If the R5s rumour is correct then the ~100mp would be similar. Yes, the pixel size is different but would that be enough of a benefit compared to the range of EF/RF lenses/flash/AF/fps etc system that is already available with Canon. I can't see Canon creating a new medium format camera and lens system. The GFX100x will move MF down the price range taking some sales from full frame but it will still remain a niche.
What is the cost difference for MF lenses vs the equivalent RF lenses?


----------



## navastronia (Jan 7, 2021)

cayenne said:


> IT depends a lot on your shooting needs and style.
> 
> I"m not the type of person to just have ONE camera...I have my 35mm (currently 5D3) and lenses but I love the GFX100 for the unique things it can do.
> 
> ...



Let the record state that Cayenne fully supports me buying 3 separate film cameras in the last 12 months, all in different formats, including a 6x12 Holga Wide medium format panoramic camera


----------



## cayenne (Jan 7, 2021)

David - Sydney said:


> If the R5s rumour is correct then the ~100mp would be similar. Yes, the pixel size is different but would that be enough of a benefit compared to the range of EF/RF lenses/flash/AF/fps etc system that is already available with Canon. I can't see Canon creating a new medium format camera and lens system. The GFX100x will move MF down the price range taking some sales from full frame but it will still remain a niche.
> What is the cost difference for MF lenses vs the equivalent RF lenses?



Well, I"ve only really bought Canon L lenses....and then looking at the price for the good RF mount lenses, I"d say the prices are in the same ballpark for the Fuji MF lens line.

So far, the GF lenses seem to be of very high quality and give great rendering from what my feeble eyes can tell.

I've not had a chance to pay with the RF lenses yet, FYI.

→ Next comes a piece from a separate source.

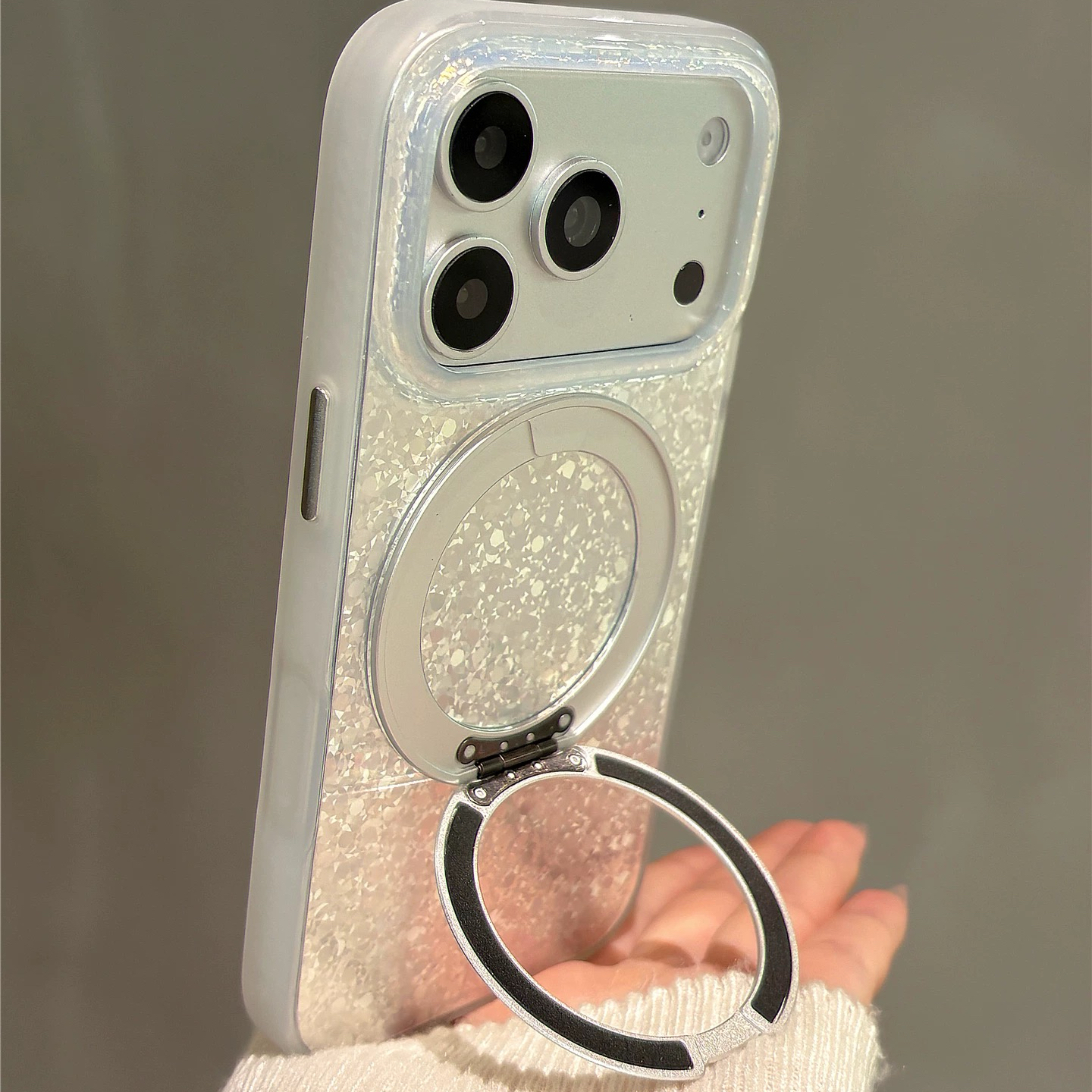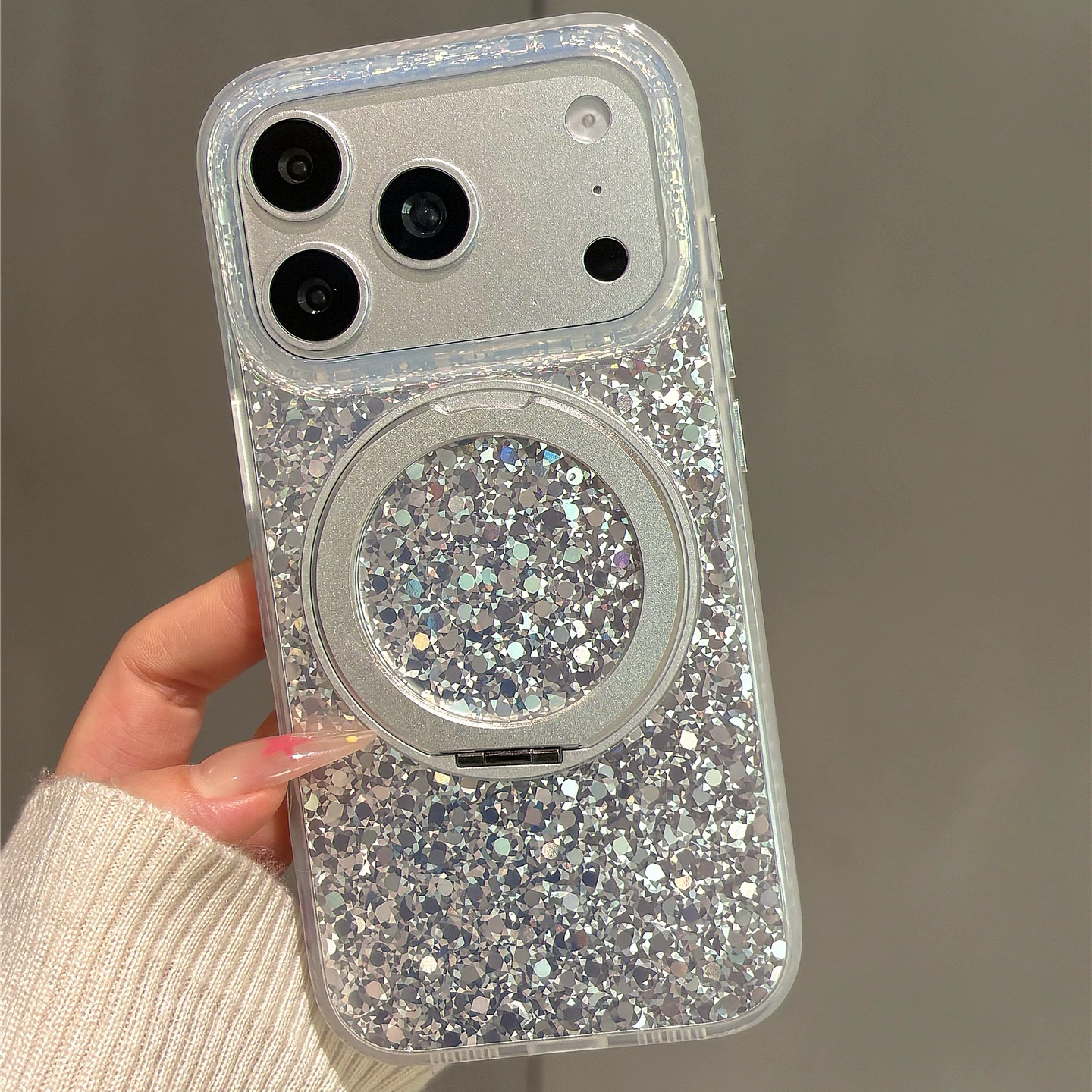 シルバーグリッター magsafe スタンド iphoneケース【Magsafe対応】

But I'd say, in general, the GF line of lenses in cost are comparable to the RF line of lenses. Of course with MF, they will tend to be a bit slower, and not quite as many choices.

However,r with the IBIS if the gfx100, I"ve not found the slower lenses to be an impediment to shooting handheld at all. 

Again, different tools.....whatever works best.


Isn't GAS fun?

C


----------



## cayenne (Jan 7, 2021)

navastronia said:


> Let the record state that Cayenne fully supports me buying 3 separate film cameras in the last 12 months, all in different formats, including a 6x12 Holga Wide medium format panoramic camera




I not only support this behavior...I encourage it enough to where it becomes the "norm".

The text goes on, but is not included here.